**What needs to be done**
No line before the one holding "The basic block" is to be copied; that line and all after it, through the end of the listing, are returned exactly, minus pictures.

**Collected data**

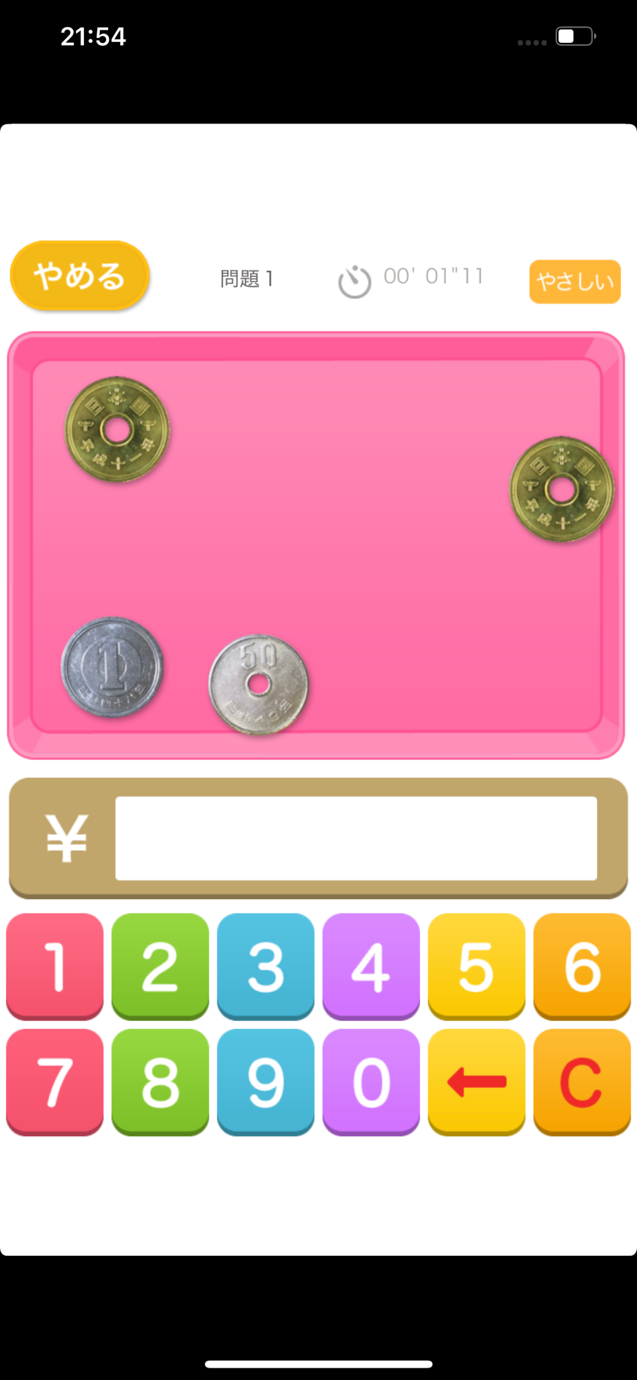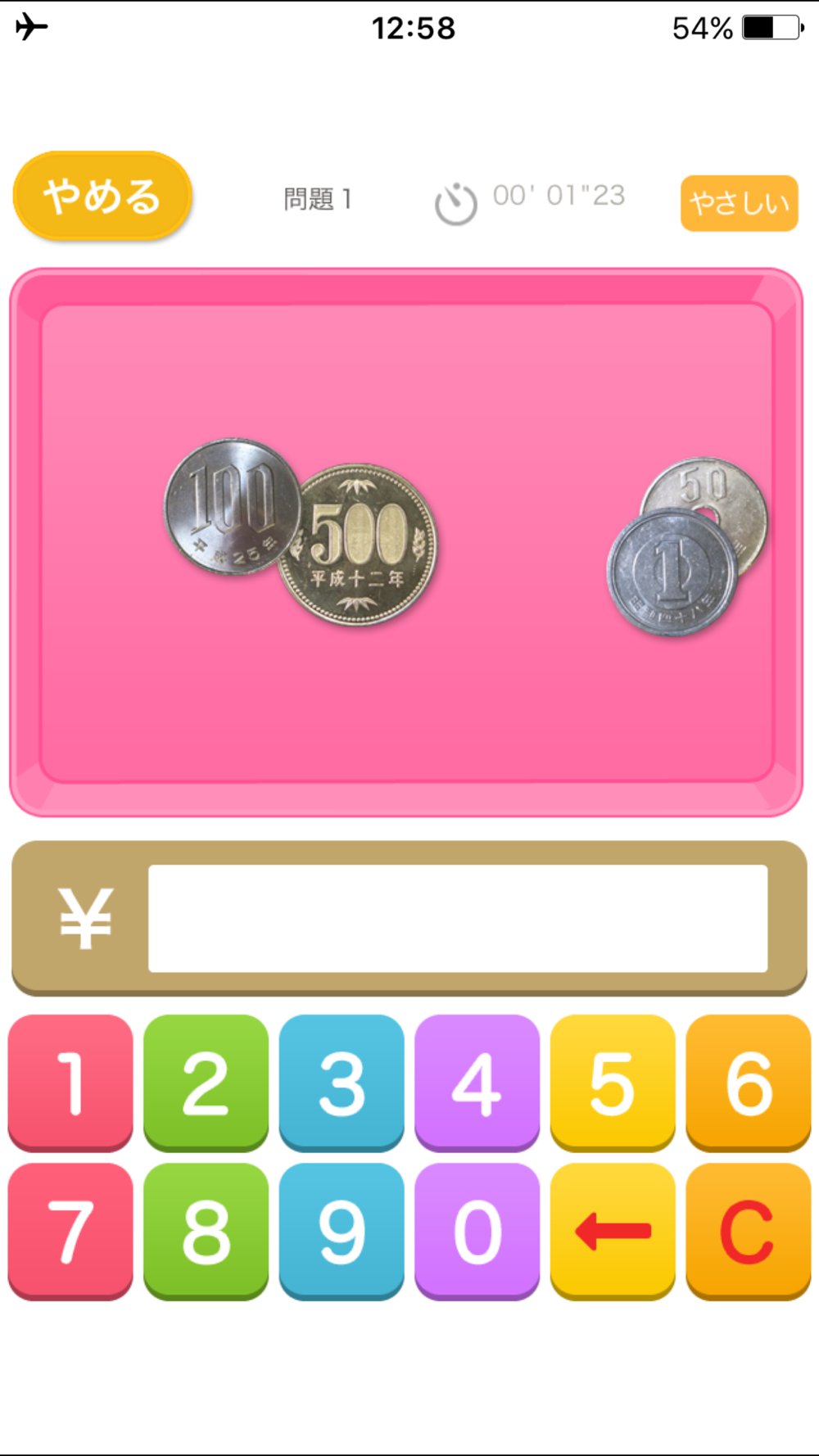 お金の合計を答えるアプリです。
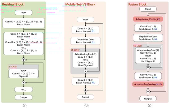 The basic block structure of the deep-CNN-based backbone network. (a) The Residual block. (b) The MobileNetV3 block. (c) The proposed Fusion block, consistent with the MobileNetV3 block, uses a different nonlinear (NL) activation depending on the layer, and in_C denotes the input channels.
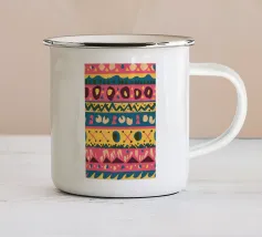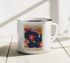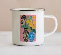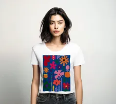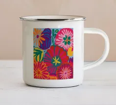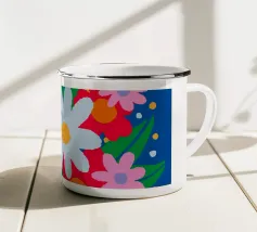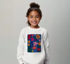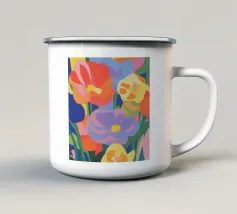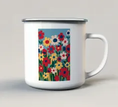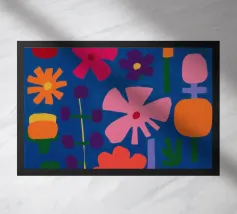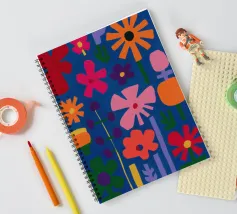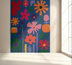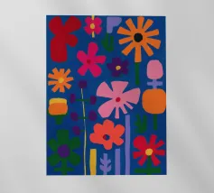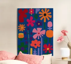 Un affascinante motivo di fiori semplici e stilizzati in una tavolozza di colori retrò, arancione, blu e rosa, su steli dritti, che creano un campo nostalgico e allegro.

**Solution to the exercise**
 The basic block structure of the deep-CNN-based backbone network. (a) The Residual block. (b) The MobileNetV3 block. (c) The proposed Fusion block, consistent with the MobileNetV3 block, uses a different nonlinear (NL) activation depending on the layer, and in_C denotes the input channels.
 Un affascinante motivo di fiori semplici e stilizzati in una tavolozza di colori retrò, arancione, blu e rosa, su steli dritti, che creano un campo nostalgico e allegro.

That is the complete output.